Entries taken from a collection
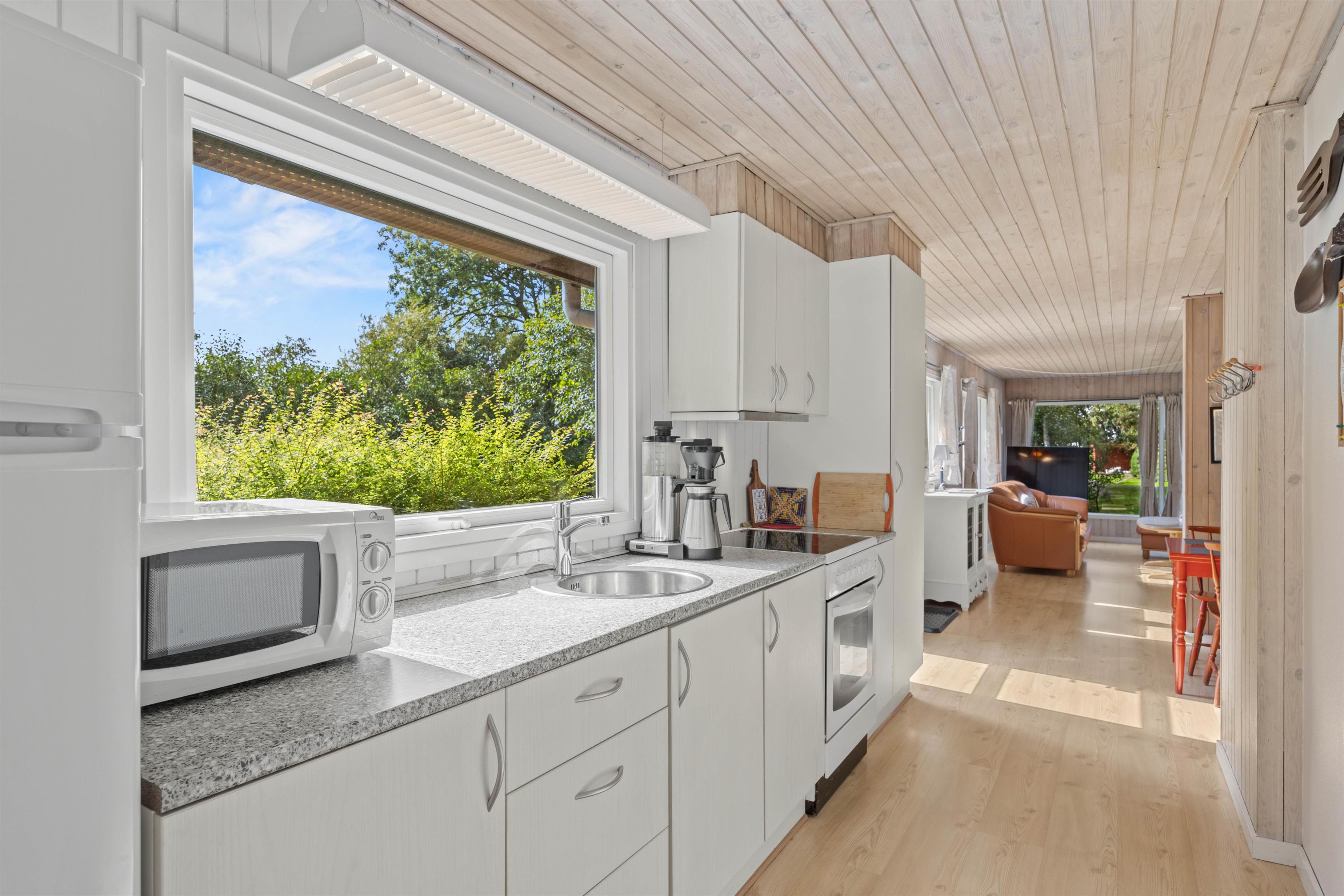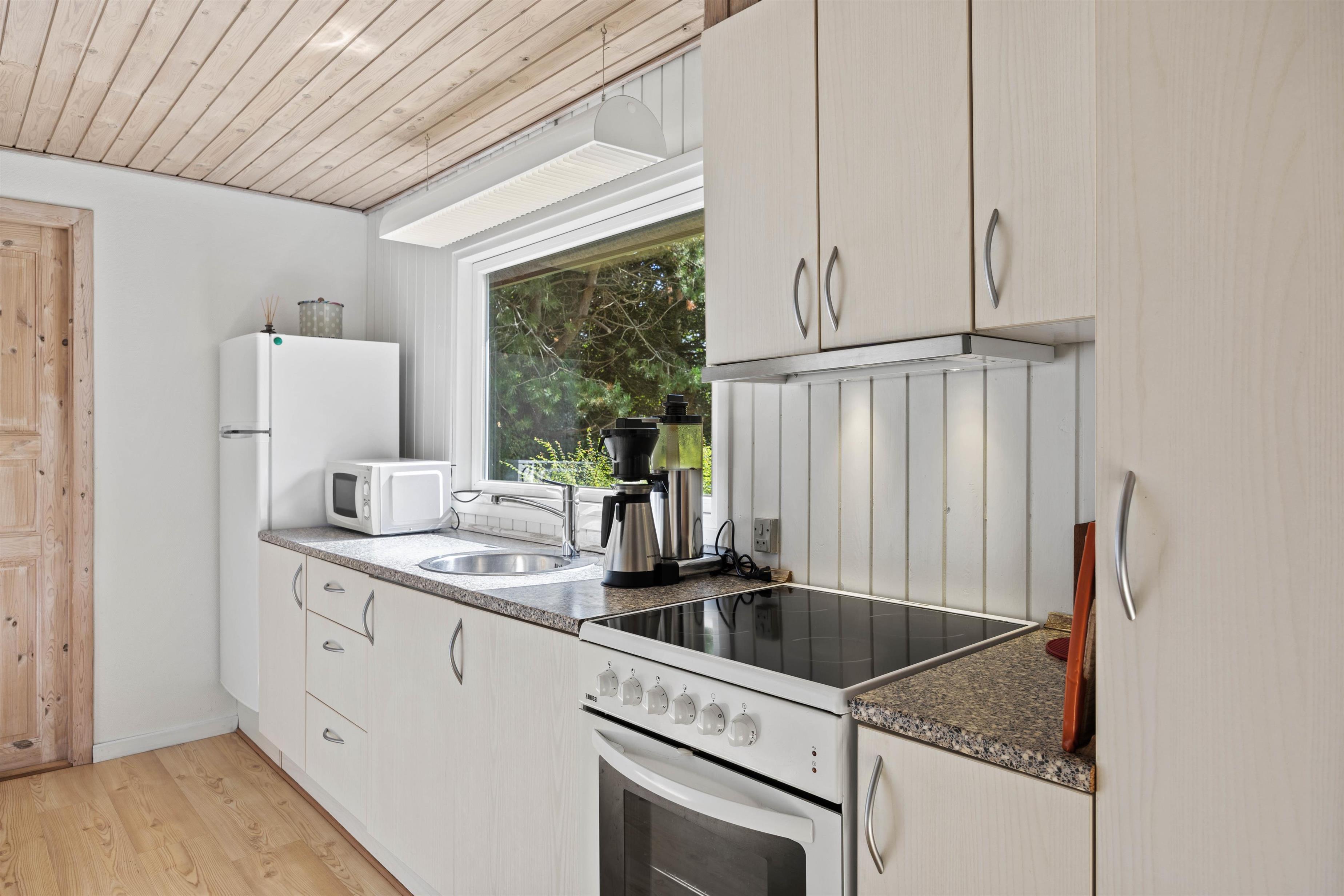 Køkkenet og stuen hænger sammen, så her er rig mulighed for gode samtaler. Læn jer tilbage i det komfortable møblement, mens brændeovnen knitrer i baggrunden. Nyd en god nats søvn i værelset med dobbeltseng. Her er også en etageseng. Badeværelset har gulvvarme og her står vaskemaskinen også. Desuden er her 10 liters fryser i sommerhuset og en barneseng.
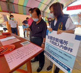 民政局長吳世瑋提醒,全市各宗教團體至6月8日前,各項宗教活動暫停辦理;寺廟、教堂(會)等宗教場所並暫停開放民眾進入,若能落實實聯制、全程佩戴口罩、禁止飲食、加強清消及不群聚的情況下,可於宗教建築物外廣場、廟埕等空曠地點參香、禮拜。此外,宗教場所周邊2公里內進行交通管制,大型遊覽車禁止進入及停放,如非屬宗教活動的遊覽車,經主管機關核准者不在此限。(5/21*8)*民政局
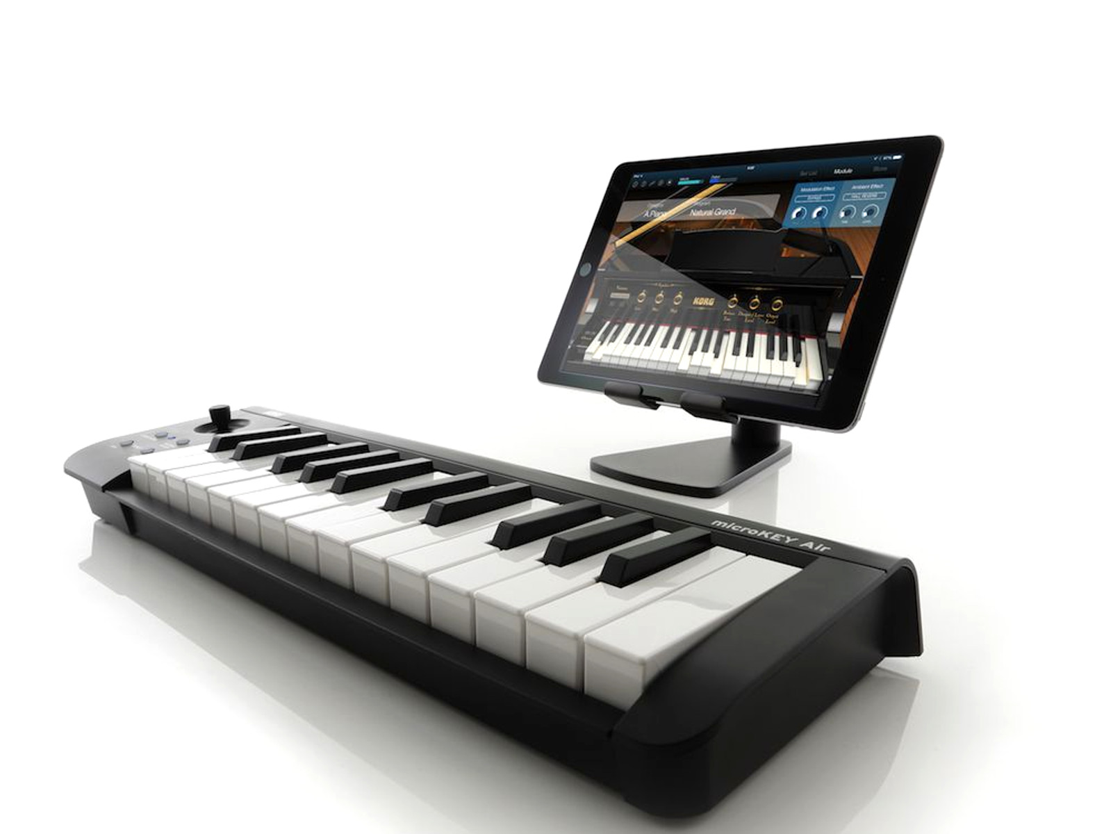 Midi keyboard νέας γενιάς με 25 velocity sensitive mini πλήκτρα τεχνολογίας Νatural Τouch, pitch bend & modulation joystick, επιλογή οκτάβας,άμεση σύνδεση με IOS συσκευές μέσω του Apple Camera Adapter χωρίς να απαιτείται παροχή ρεύματος και μεσω Bluetooth σε εφαρμογές που επιτρέπουν την ασύρματη σύνδεση.
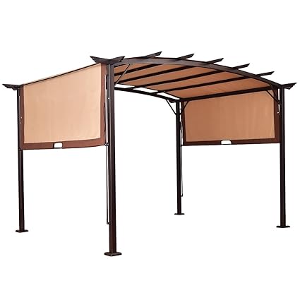 Tangkula 12 X 9 Pergola Gazebo Canopy Outdoor Patio Garden Steel Frame Sun Shelter With Retractable Canopy Shades
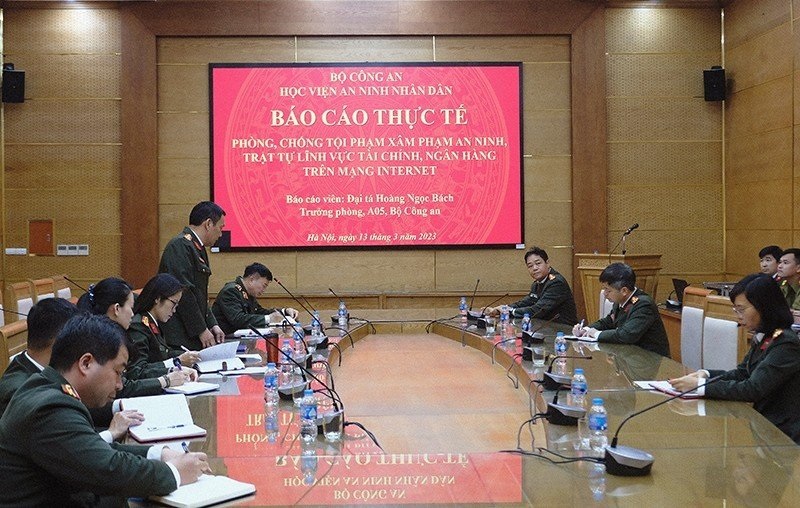 Thực hiện chương trình công tác năm học 2022 - 2023, ngày 13/3/2023, Học viện An ninh nhân dân tổ chức báo cáo chuyên đề “Phòng, chống tội phạm xâm phạm an ninh, trật tự lĩnh vực tài chính, ngân hàng trên mạng Internet” do Đại tá Hoàng Ngọc Bách - Trưởng phòng 4, Cục An ninh mạng và phòng, chống tội phạm sử dụng công nghệ cao Bộ Công an trình bày.
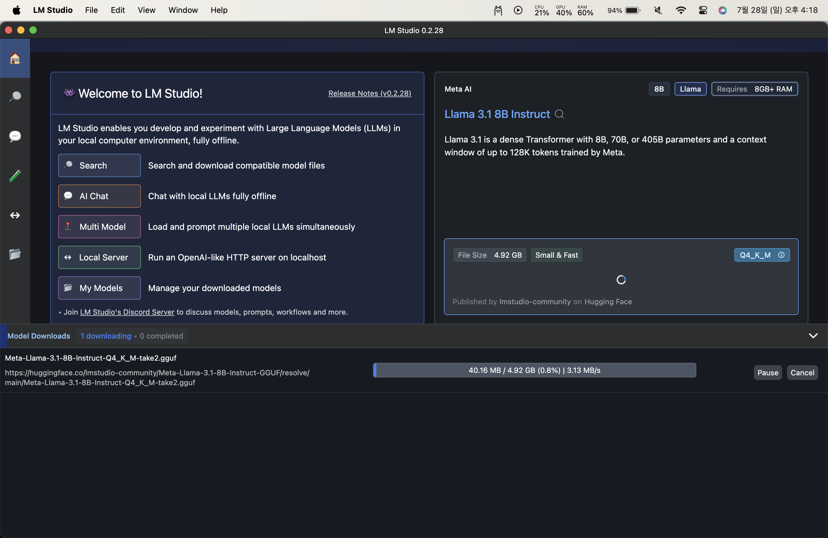 모델 다운로드부터 AI Chat, Local Server 구동 이 프로그램을 통해 모두 가능합니다.
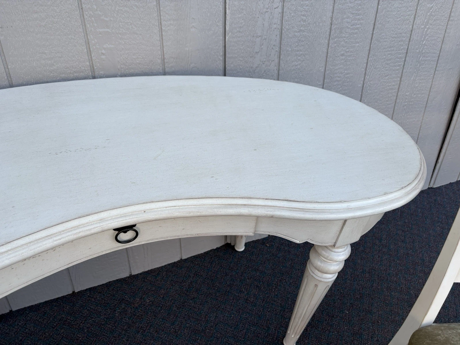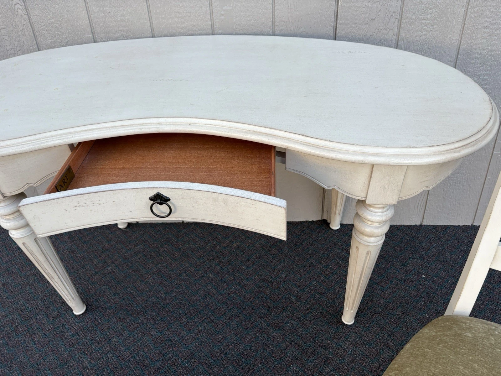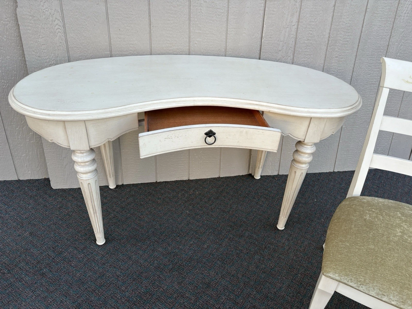 Ivory A.R.T. Furniture Kidney Desk Vanity with Stenciled Side Chair
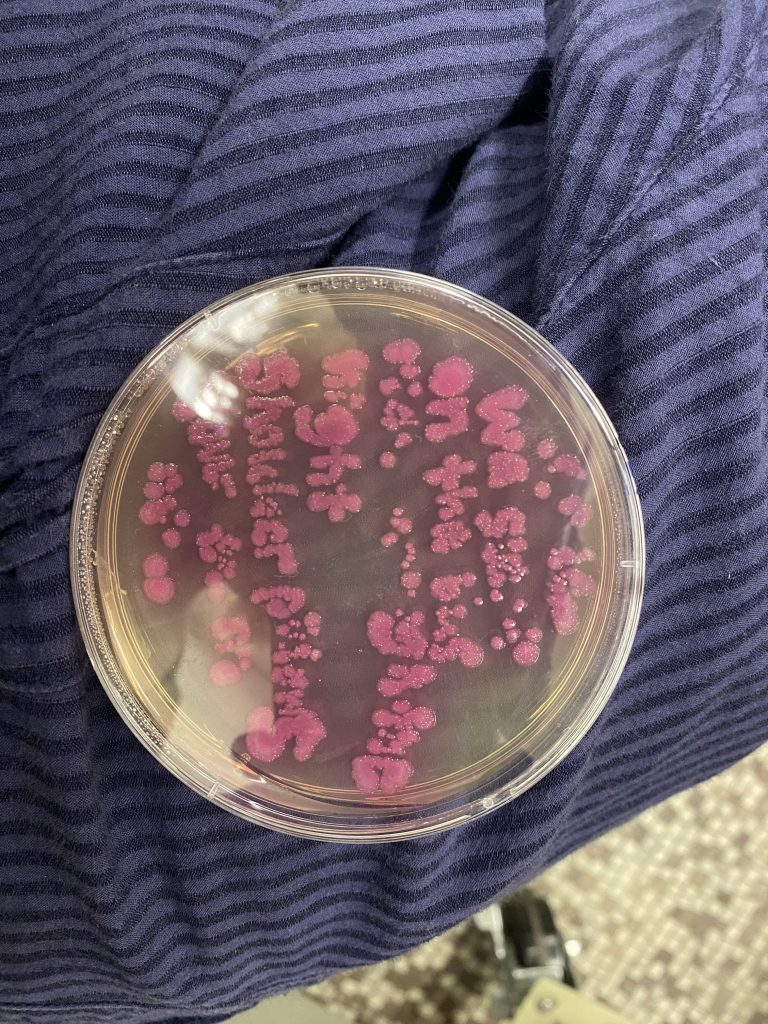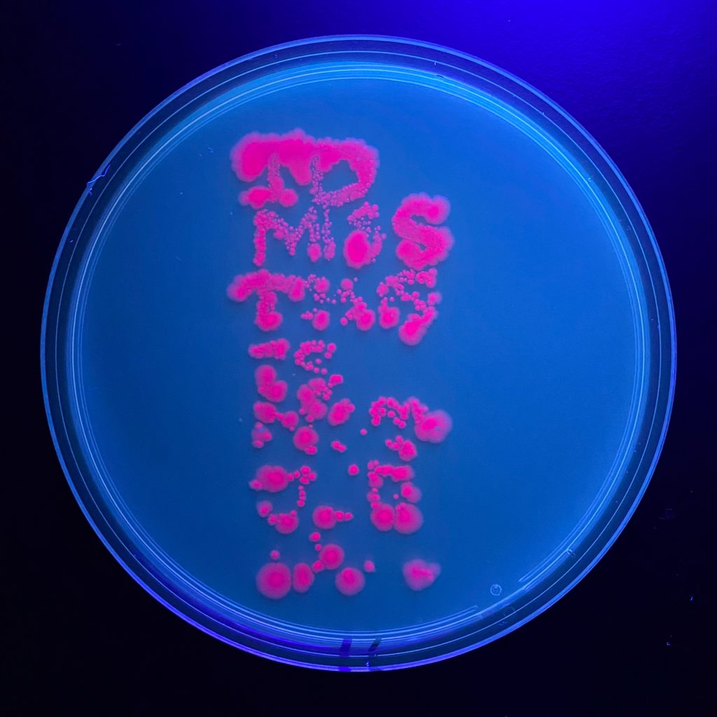 In my next attempt, I simply hand-drew the phrase with a cell-spreader loop, in RFP e.coli onto a clear plate from Amaya. This time, when placing the inoculated plate inside a larger petri-dish, we propped up the lid slightly with small rubber blocks around the perimeter of the larger dish, allowing some natural airflow to not trap condensation, but not so much as to ruin the moisture of the agar. This iteration of the timelapse was a success!! Additionally, in running both timelapses, I left my phone filming in the incubator with the plates from Saturday – Tuesday (truly a test of weaning my reliance on my devices).
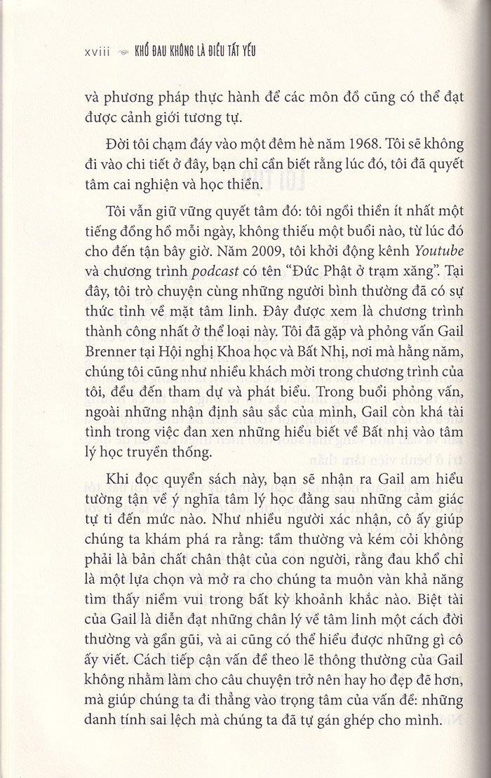 Khổ Đau Không Là Điều Tất Yếu - Con đường tâm linh đến với tự do đích thực dành cho những ai còn đang dằn vặt bản thân vì những mặc cảm tự ti của tác giả Tiến sĩ Gail Brenner, Với lời đề tựa của Rick Archer, người dịch Đỗ Tôn Minh Khoa Những lời khen tặng đặc biệt dành cho cuốn sách!
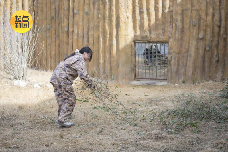聊起熊猫,这个看起来不善言谈的女孩却能侃侃而谈。每一只大熊猫名字的由来、出生时间、饮食习惯……杨丽都能准确地回答。自2022年熊猫基地一期工程建成投用后,杨丽便来到这里,当起了“熊猫妈妈”,负责大熊猫的日常饲养管护、健康监测,以及科研样本采集等工作。

» **Instructions to follow**
Nothing but the lines above, starting at the line that contains "民政局長吳世瑋提醒,全市各宗" and ending at the line that contains "Ivory A.R.T. Furniture", should be given again, exactly and without the pictures.

» **Solution below**
 民政局長吳世瑋提醒,全市各宗教團體至6月8日前,各項宗教活動暫停辦理;寺廟、教堂(會)等宗教場所並暫停開放民眾進入,若能落實實聯制、全程佩戴口罩、禁止飲食、加強清消及不群聚的情況下,可於宗教建築物外廣場、廟埕等空曠地點參香、禮拜。此外,宗教場所周邊2公里內進行交通管制,大型遊覽車禁止進入及停放,如非屬宗教活動的遊覽車,經主管機關核准者不在此限。(5/21*8)*民政局
 Midi keyboard νέας γενιάς με 25 velocity sensitive mini πλήκτρα τεχνολογίας Νatural Τouch, pitch bend & modulation joystick, επιλογή οκτάβας,άμεση σύνδεση με IOS συσκευές μέσω του Apple Camera Adapter χωρίς να απαιτείται παροχή ρεύματος και μεσω Bluetooth σε εφαρμογές που επιτρέπουν την ασύρματη σύνδεση.
 Tangkula 12 X 9 Pergola Gazebo Canopy Outdoor Patio Garden Steel Frame Sun Shelter With Retractable Canopy Shades
 Thực hiện chương trình công tác năm học 2022 - 2023, ngày 13/3/2023, Học viện An ninh nhân dân tổ chức báo cáo chuyên đề “Phòng, chống tội phạm xâm phạm an ninh, trật tự lĩnh vực tài chính, ngân hàng trên mạng Internet” do Đại tá Hoàng Ngọc Bách - Trưởng phòng 4, Cục An ninh mạng và phòng, chống tội phạm sử dụng công nghệ cao Bộ Công an trình bày.
 모델 다운로드부터 AI Chat, Local Server 구동 이 프로그램을 통해 모두 가능합니다.
 Ivory A.R.T. Furniture Kidney Desk Vanity with Stenciled Side Chair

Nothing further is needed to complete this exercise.